◆ Activity
A full, exact copy of the listing is needed, with images omitted.

◆ Given information

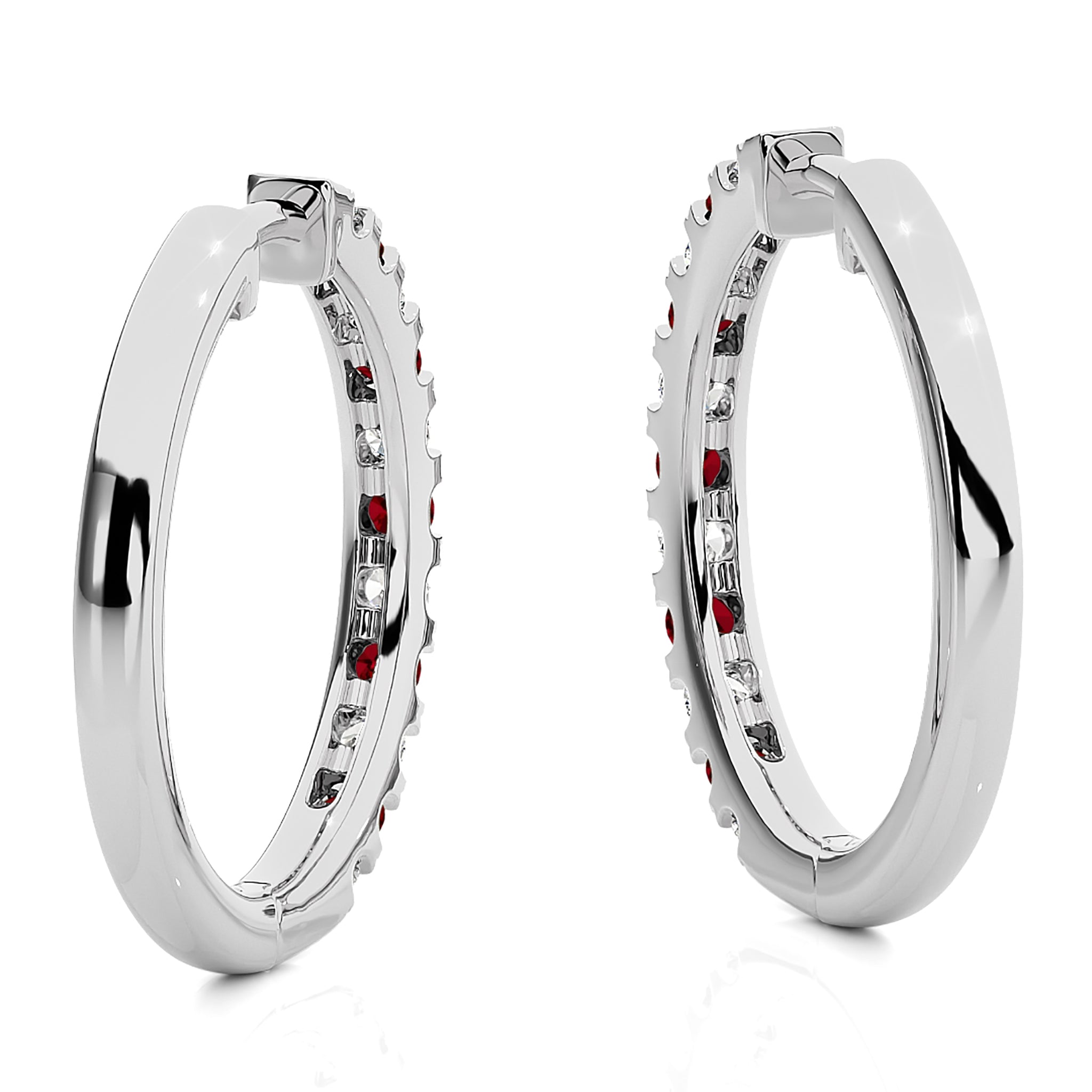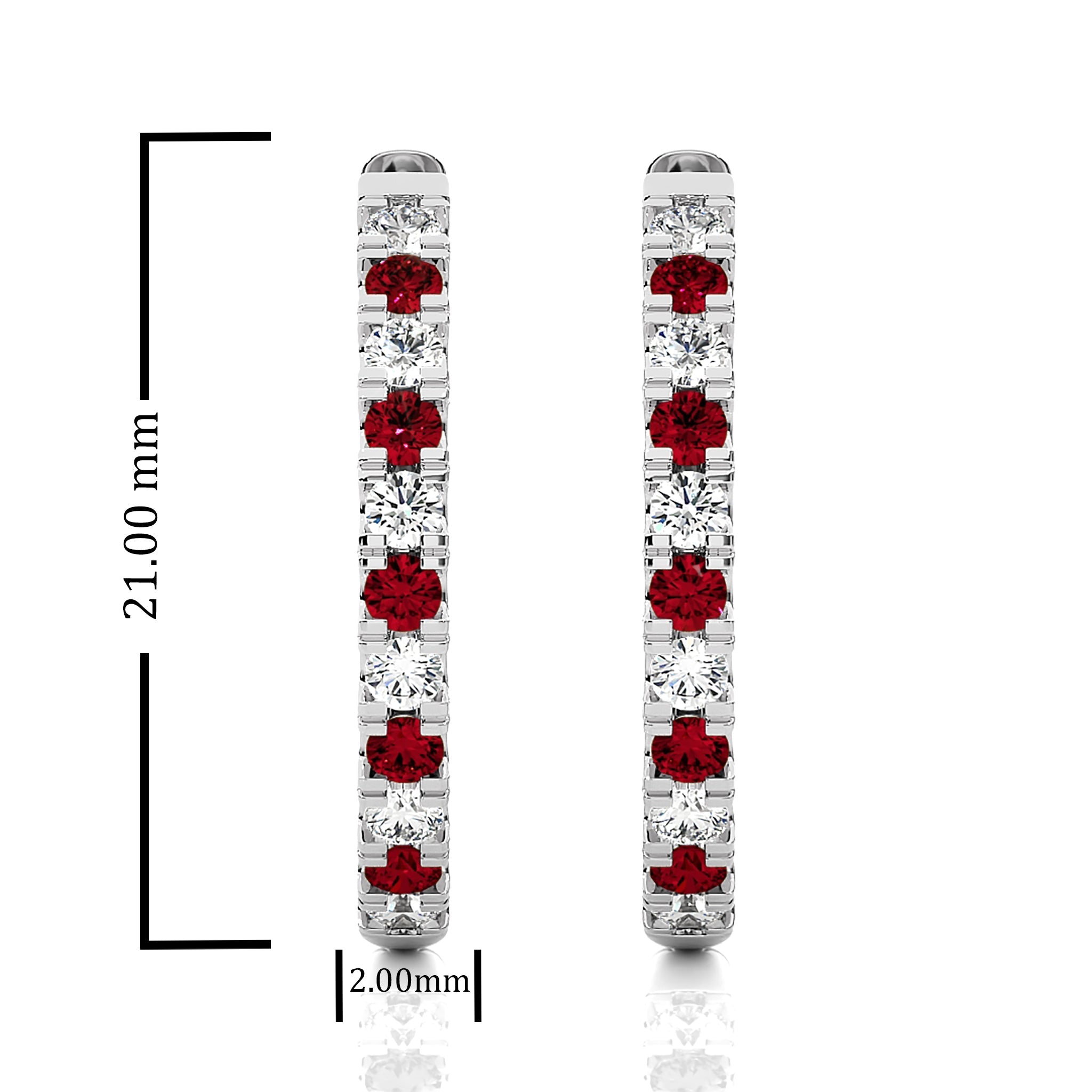 1 CT. Round Natural Diamond and Ruby Eternity Hoop Earrings
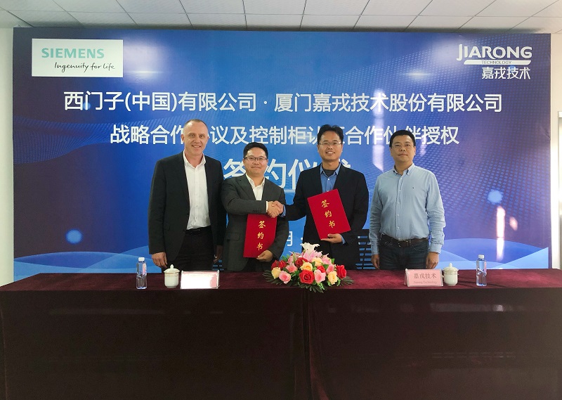 2019年12月17日下午,嘉戎&西門子戰(zhàn)略合作協(xié)議及控制柜認(rèn)證合作伙伴授權(quán)簽約儀式在廈門嘉戎技術(shù)股份有限公司舉行,嘉戎技術(shù)董事長蔣林煜、總經(jīng)理董正軍、西門子大中華地區(qū)副總裁Joerg Westerholt、西門子數(shù)字化工業(yè)集團福建總監(jiān)譚韜文及西門子大中華地區(qū)相關(guān)領(lǐng)導(dǎo)出席本次簽約儀式,共同見證了這個重要時刻。 此次合作簽約是嘉戎技術(shù)與西門子的強強聯(lián)手,也是為嘉戎技術(shù)致力于成為全球領(lǐng)先的膜技術(shù)企業(yè)助力護航,更是在踐行“打造精品、服務(wù)客戶、保護環(huán)境”的使命中的又一次升級,具有深遠的戰(zhàn)略意義。 簽約儀式現(xiàn)場,嘉戎技術(shù)總經(jīng)理董正軍向來訪的嘉賓介紹了嘉戎技術(shù)的發(fā)展歷程及產(chǎn)品服務(wù),董總表示:西門子是我們的親密合作伙伴,也是嘉戎產(chǎn)品的重要品質(zhì)保障,接下來,嘉戎技術(shù)將與西門子更加緊密合作,繼續(xù)打造精品,用高品質(zhì)產(chǎn)品和服務(wù)踐行我們的環(huán)保使命。 ////////// 西門子數(shù)字化工業(yè)集團福建總監(jiān)譚韜文向大家介紹了西門子數(shù)字化工業(yè)集團概況,并表達了繼續(xù)與嘉戎技術(shù)深入合作的意愿。 隨后,在大家的共同見證下,嘉戎技術(shù)總經(jīng)理董正軍與西門子數(shù)字化工業(yè)集團福建總監(jiān)譚韜文代表雙方鄭重地簽訂了戰(zhàn)略合作協(xié)議。 簽約儀式結(jié)束后,嘉戎技術(shù)總經(jīng)理董正軍帶領(lǐng)西門子數(shù)字化工業(yè)集團福建總監(jiān)譚韜文等嘉賓前往嘉戎裝備制造工廠參觀,雙方在西門子控制柜前進行合影。 新的平臺,更高的期許,嘉戎技術(shù)將與西門子強強聯(lián)合,用精湛品質(zhì)的設(shè)備產(chǎn)品,用不斷鉆研創(chuàng)新的技術(shù),用誠心踏實專注的服務(wù),為客戶解決環(huán)保難題,為國家守護綠水青山!
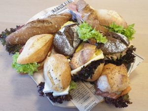 Sandwiches van mais, wit en waldkorn boerenbrood van de warme bakker (2 p.p.), belegd met gerookte zalm, humus met gegrilde courgette, belegen boerenkaas, gerookte kip met pesto, rundercarpaccio met pijnboompitjes en boerenham. Hierbij een kop soep van de dag. Inclusief jus d’orange
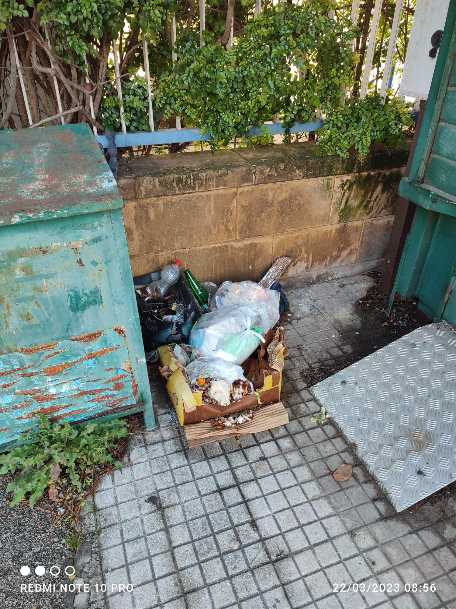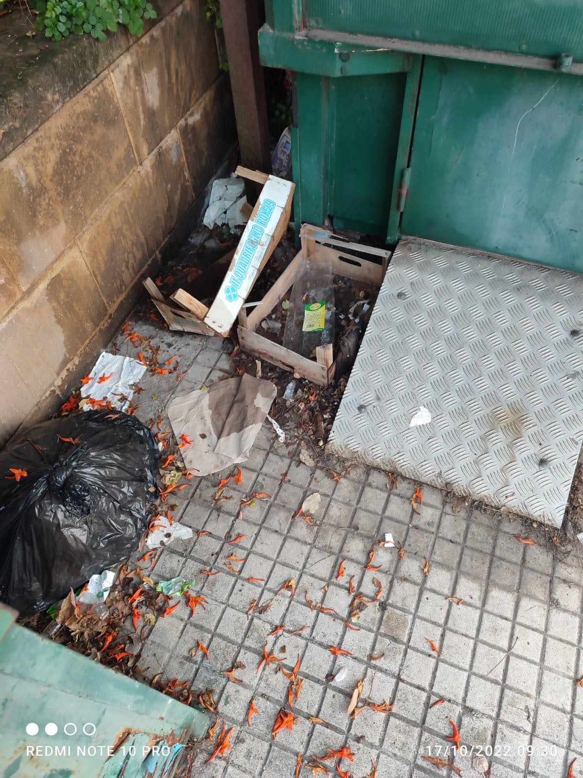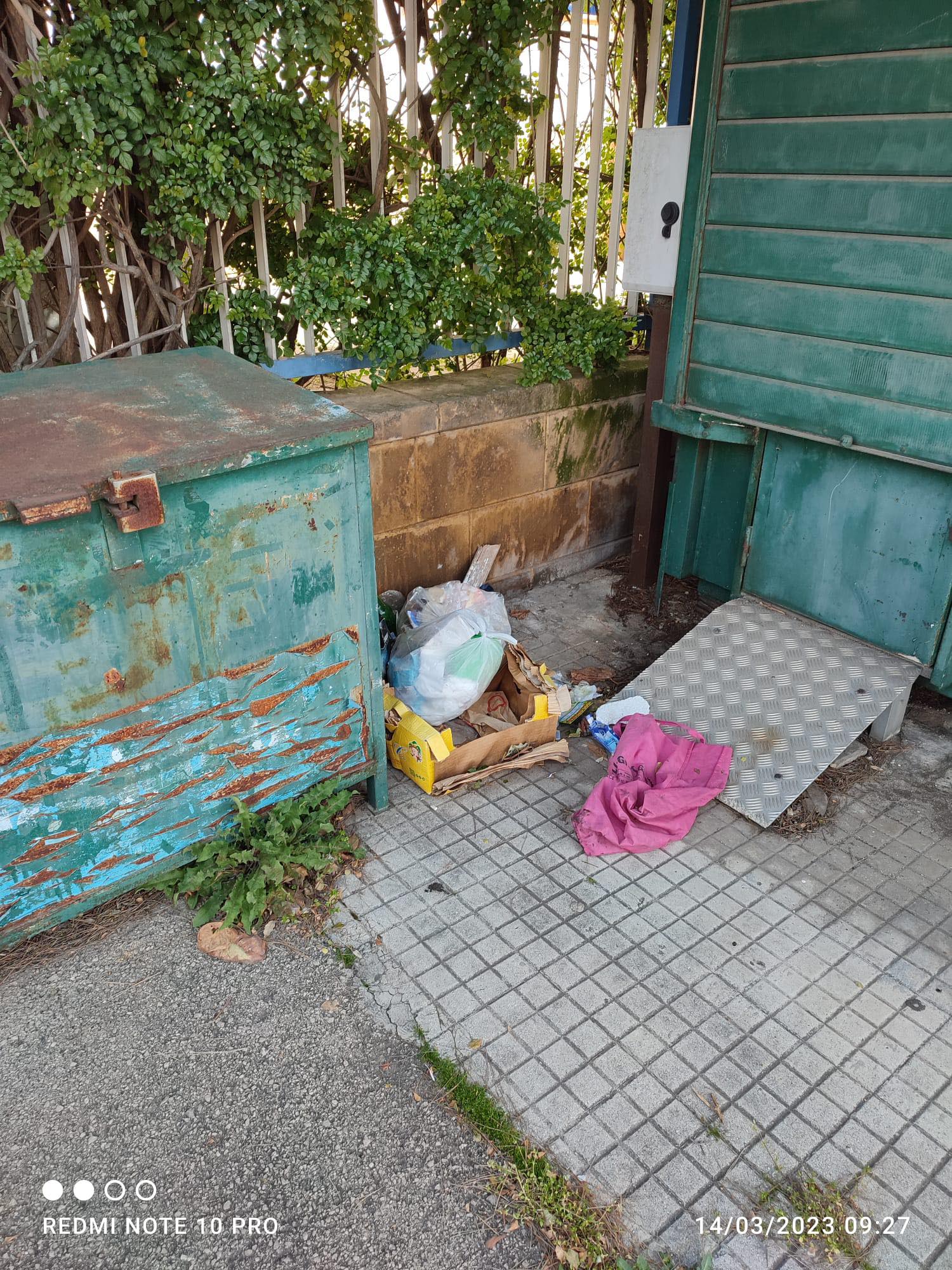 La situazione descritta dalle foto inviate: rifiuti di ogni genere, marciapiede in pessime condizioni.

◆ Worked solution
 1 CT. Round Natural Diamond and Ruby Eternity Hoop Earrings
 2019年12月17日下午,嘉戎&西門子戰(zhàn)略合作協(xié)議及控制柜認(rèn)證合作伙伴授權(quán)簽約儀式在廈門嘉戎技術(shù)股份有限公司舉行,嘉戎技術(shù)董事長蔣林煜、總經(jīng)理董正軍、西門子大中華地區(qū)副總裁Joerg Westerholt、西門子數(shù)字化工業(yè)集團福建總監(jiān)譚韜文及西門子大中華地區(qū)相關(guān)領(lǐng)導(dǎo)出席本次簽約儀式,共同見證了這個重要時刻。 此次合作簽約是嘉戎技術(shù)與西門子的強強聯(lián)手,也是為嘉戎技術(shù)致力于成為全球領(lǐng)先的膜技術(shù)企業(yè)助力護航,更是在踐行“打造精品、服務(wù)客戶、保護環(huán)境”的使命中的又一次升級,具有深遠的戰(zhàn)略意義。 簽約儀式現(xiàn)場,嘉戎技術(shù)總經(jīng)理董正軍向來訪的嘉賓介紹了嘉戎技術(shù)的發(fā)展歷程及產(chǎn)品服務(wù),董總表示:西門子是我們的親密合作伙伴,也是嘉戎產(chǎn)品的重要品質(zhì)保障,接下來,嘉戎技術(shù)將與西門子更加緊密合作,繼續(xù)打造精品,用高品質(zhì)產(chǎn)品和服務(wù)踐行我們的環(huán)保使命。 ////////// 西門子數(shù)字化工業(yè)集團福建總監(jiān)譚韜文向大家介紹了西門子數(shù)字化工業(yè)集團概況,并表達了繼續(xù)與嘉戎技術(shù)深入合作的意愿。 隨后,在大家的共同見證下,嘉戎技術(shù)總經(jīng)理董正軍與西門子數(shù)字化工業(yè)集團福建總監(jiān)譚韜文代表雙方鄭重地簽訂了戰(zhàn)略合作協(xié)議。 簽約儀式結(jié)束后,嘉戎技術(shù)總經(jīng)理董正軍帶領(lǐng)西門子數(shù)字化工業(yè)集團福建總監(jiān)譚韜文等嘉賓前往嘉戎裝備制造工廠參觀,雙方在西門子控制柜前進行合影。 新的平臺,更高的期許,嘉戎技術(shù)將與西門子強強聯(lián)合,用精湛品質(zhì)的設(shè)備產(chǎn)品,用不斷鉆研創(chuàng)新的技術(shù),用誠心踏實專注的服務(wù),為客戶解決環(huán)保難題,為國家守護綠水青山!
 Sandwiches van mais, wit en waldkorn boerenbrood van de warme bakker (2 p.p.), belegd met gerookte zalm, humus met gegrilde courgette, belegen boerenkaas, gerookte kip met pesto, rundercarpaccio met pijnboompitjes en boerenham. Hierbij een kop soep van de dag. Inclusief jus d’orange
 La situazione descritta dalle foto inviate: rifiuti di ogni genere, marciapiede in pessime condizioni.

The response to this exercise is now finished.